Plotting shape files loaded using read.shp with ggplot2
Asked Answered
Y

1

1

I would like to plot a shape file loaded using read.shp from the fastshp package. However, the read.shp function returns a list of list and not a data.frame. I'm unsure which part of the list I need to extract to obtain the correctly formatted data.frame object. This exact question has been asked on stack overflow already, however, the solution no longer seems to work (solution was from > 7 years ago).

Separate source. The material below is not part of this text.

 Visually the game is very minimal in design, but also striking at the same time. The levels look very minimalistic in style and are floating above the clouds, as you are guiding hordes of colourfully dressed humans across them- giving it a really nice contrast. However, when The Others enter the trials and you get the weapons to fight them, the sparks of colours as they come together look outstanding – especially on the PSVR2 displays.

Any help is much appreciated.

remotes::install_github("s-u/fastshp") #fastshp not on CRAN
library(ggplot2);library(fastshp)

temp <- tempfile()
temp2 <- tempfile()
download.file("https://www2.census.gov/geo/tiger/TIGER2017/COUNTY/tl_2017_us_county.zip",temp)
unzip(zipfile = temp, exdir = temp2)
shp <- list.files(temp2, pattern = ".shp$",full.names=TRUE) %>% read.shp(.)

shp is a list of lists containing a plethora of information. I tried the following solution from the SO posted earlier, but to no avail:

shp.list <- sapply(shp, FUN = function(x) Polygon(cbind(lon = x$x, lat = x$y))) #throws an error here cbind(lon = x$x, lat = x$y) returns NULL
shp.poly <- Polygons(shp.list, "area")
shp.df <- fortify(shp.poly, region = "area")

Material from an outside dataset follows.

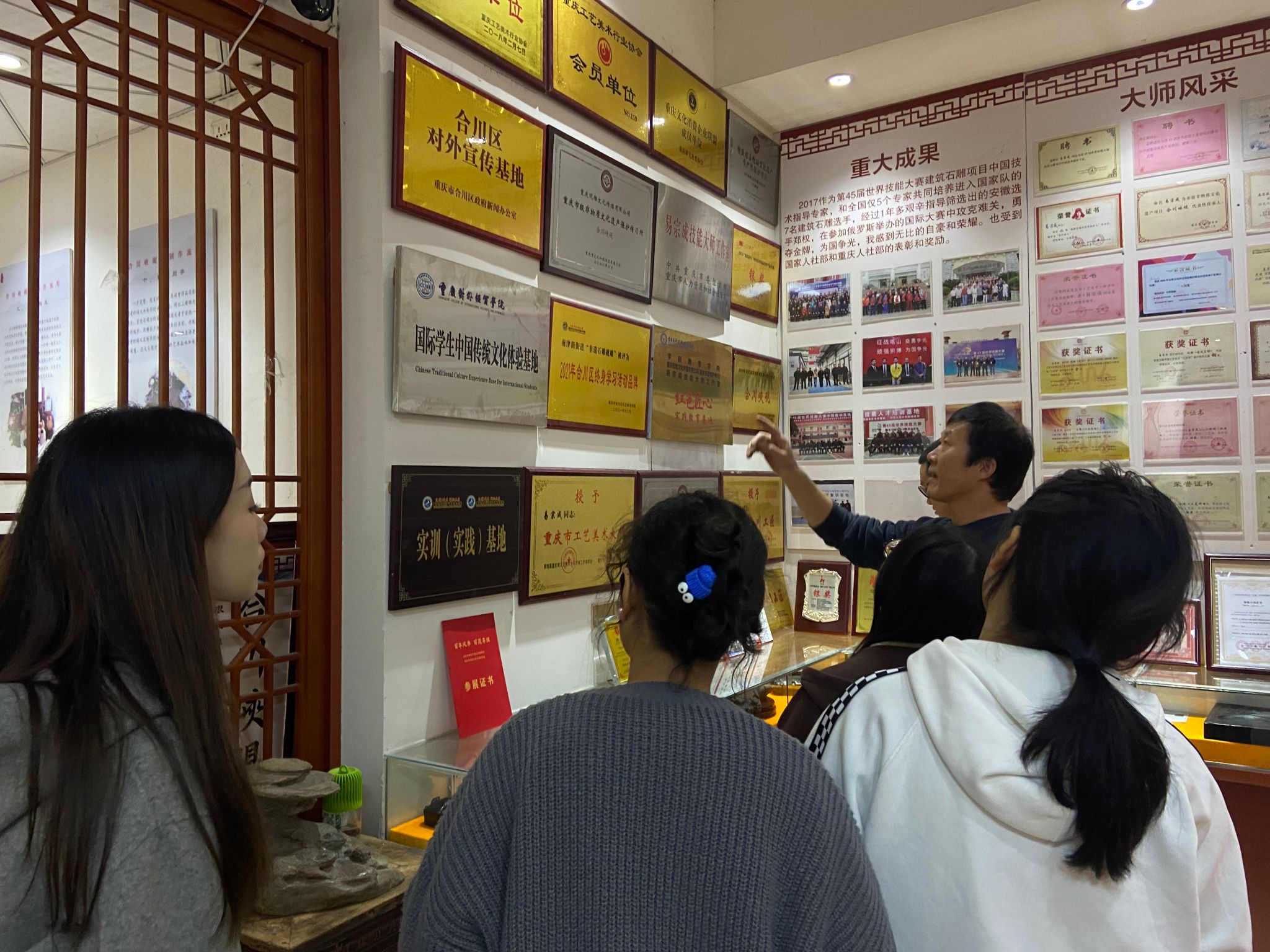 为了丰富学生的非遗体验及感受,深化产教融合。11月22日下午13:30时,异科导师李凤勤老师带领异科小组成员、工坊小组成员来到合川文峰古街开展“寻迹合川—参观峡砚博物馆”系列活动,并邀请峡砚博物馆馆长、合川峡砚代表性传承人易宗成老师为同学们讲解交流合川砚文化。

I also tried the following:

shp.list <- sapply(shp, FUN = function(x) do.call(cbind, x[c("id","x","y")])) #returns NULL value here...
shp.df <- as.data.frame(do.call(rbind, shp.list))

Updated: Still no luck but closer:

file_shp<-list.files(temp2, pattern = ".shp$",full.names=TRUE) %>%
  read.shp(., format = c("table"))

ggplot() + 
geom_polygon(data = file_shp, aes(x = x, y = y, group = part), 
             colour = "black", fill = NA)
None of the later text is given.